Ночная биллиардная незабываема. Игроки давно знают друг друга и между собой дружелюбны. Принесено пиво. Из приемничка сообщает невероятные новости «Свобода» – здесь можно отстроиться от глушилок. Играющие – знатоки всего на свете. Международных дел тоже. Шары с гвоздевым лязгом вламываются в угловые лузы. Потом недовольному, что поздно уходим, Пахомычу ключ сдается. Видеть его неудовольствие неохота – есть слух, что в органах Пахомыч собственноручно расстреливал.
Мы с ней идем по черному в сером пространстве миру. Тускло блестят волдыри льда под ногами. Слева отсвечивают рельсы. За ними – невидимая река. Многое из того, что отсвечивает, по причине темного воздуха тоже невидимо. Вдобавок мешают седой подфонарный свет. Говорить вроде не о чем, хотя что-то говорить надо. Поэтому я заговариваю о лебедях. Случившееся с ними занимает и моих коллег, и местных жителей.
– Знаете, – говорю я, – это черт знает что! Народ, гуляя у моря, упорно подкармливает лебедей и чаек. Таскает с собой хлеб и кормит. Целая стая лебедей поэтому не улетела. Чайки ладно, а лебеди обязательно хлеб размачивают…
Перед глазами каждодневная картина – волны скобками ползут от горизонта к берегу. Поверхность моря точь-в-точь черный занавес, фестоны на котором – белые эти скобки. На берегу в обязательных тут беретках и пальто с круглыми воротничками виднеются местные женщины. Лебеди тянут шеи, шипят и кажутся в плоском мелководье на своих недоразвитых лапах большими и нелепыми.

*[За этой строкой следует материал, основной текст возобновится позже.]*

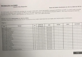 Participação dos Municípios (FPM) bloqueado. Aqui no Agreste Meridional, três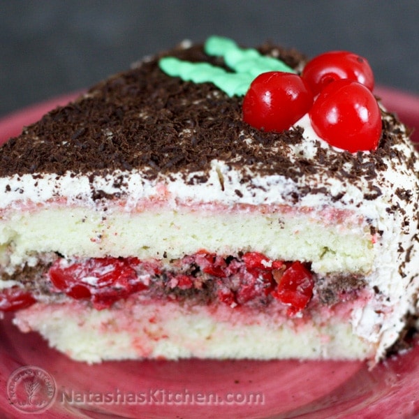 Mi suegra me dio la receta de este pastel de cerezas ruso por teléfono y lo preparé para Año Nuevo. Es la misma receta básica de biskvit que me encanta.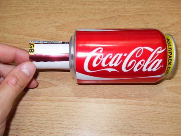 Con unas tijeras o las tijeras muy fuerte, puede reducir la longitud de la segunda. Quitar la parte superior e inferior que lo deje con un rollo de aluminio. Sobrehilar para arriba con sus tijeras o las tijeras.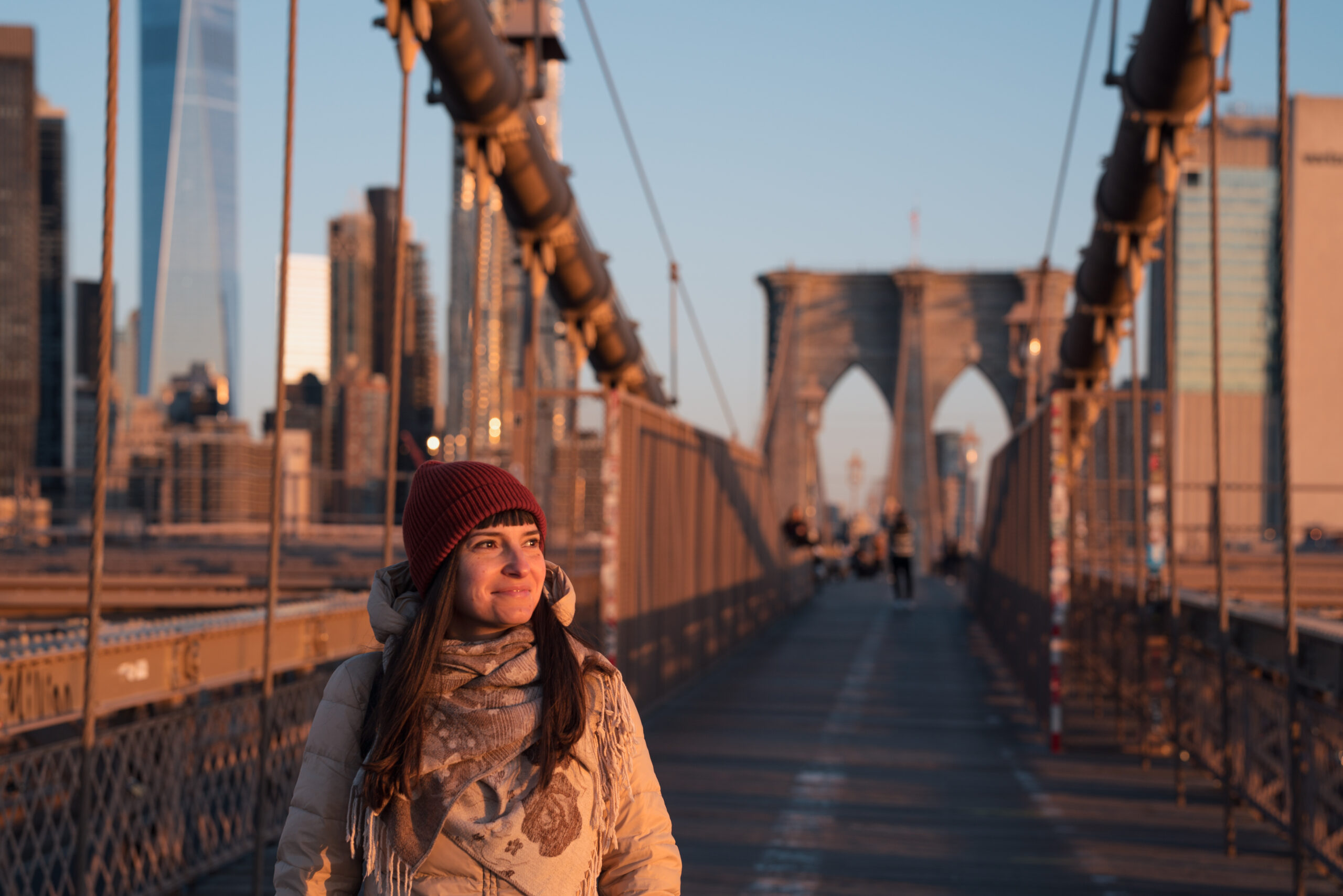 Woman tourist at Brooklyn Bridge, New York City, USA ID: 75096 Woman tourist watching Brooklyn Bridge, New York City, USA
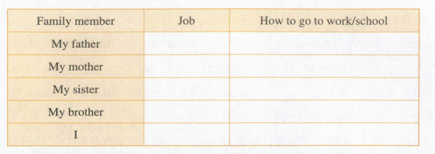 ) 5.—How ______ he go to work?—He ______ to work by car.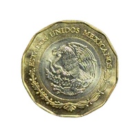 - Obverse features the national coat of arms of Mexico; legal tender $20 MXN face value

– Море замерзло, открытая вода теперь метрах в четырехстах, хлеб они брать берут, а проглотить не очень-то могут, понимаете?
Она кивает.
– Вернее, не могут совсем. Не летать же размачивать за полкилометра.
Похоже, она меня не слышит.
– Лапы у них на льду замерзают, и кто послабее уже еле держится… Знаете, поскользнувшегося лебедя видеть крайне неприятно…
Мы тоже то и дело поскальзываемся – дождевая пыль превратила недавний снег в тусклые бугры. Если поскользнуться случается ей, я подхватываю ее под руку, если мне – ловлю ее ладонь.
– Просто беда с этими лебедями. Их придумали ловить и увозить с берега – но они не даются. И к тому же держатся парами… Жаль их ужасно.
– Он правда сказал, что любит меня? Вы не обманываете! – вдруг спрашивает она.
– Сказал! Сказал! И неоднократно. Как вас, между прочим, зовут?
– Зося…
– Вы что – недалеко живете?
– Пять остановок. На электричке…
Она называет отдаленную станцию.
– Ничего себе!
– Я звонить после работы прихожу… По-вашему, он во мне нуждается или просто?..
– Не сомневайтесь. Все как надо. Но где вы, Зося, так поздно работаете?
– В кафе «Лаб вакар». Официанткой… Дарба лаикс – с утра до ночи…
«От нее не поймаешь… Их проверяют…» – почему-то мелькает в голове. Припортовая микрофлора рижанок дело нешуточное. Есть прецеденты.
Ночные электрички ходят нечасто, если вообще ходят. Как намасленные блестят пустые рельсы. Черных шпал не видно – по ночам они не в счет. Станция в отдалении тоже не угадывается, – зачем она ночью? – так что, куда ведут рельсы, не понять. За путями темная вода гонит контрабандные корневища к заливу. Белесыми негативами виднеются в далекой тьме чайки – они ведь и по ночам летают, но молча, хотя, где летают, наверно галдят и орут. Река. Рельсы. Шорохи льда и коряг.
– А вообще как жизнь, Зося?
– Мутота с промотом! – хрипло и отрывисто вдруг отвечает она. И не улыбается. Коронка не завиднелась.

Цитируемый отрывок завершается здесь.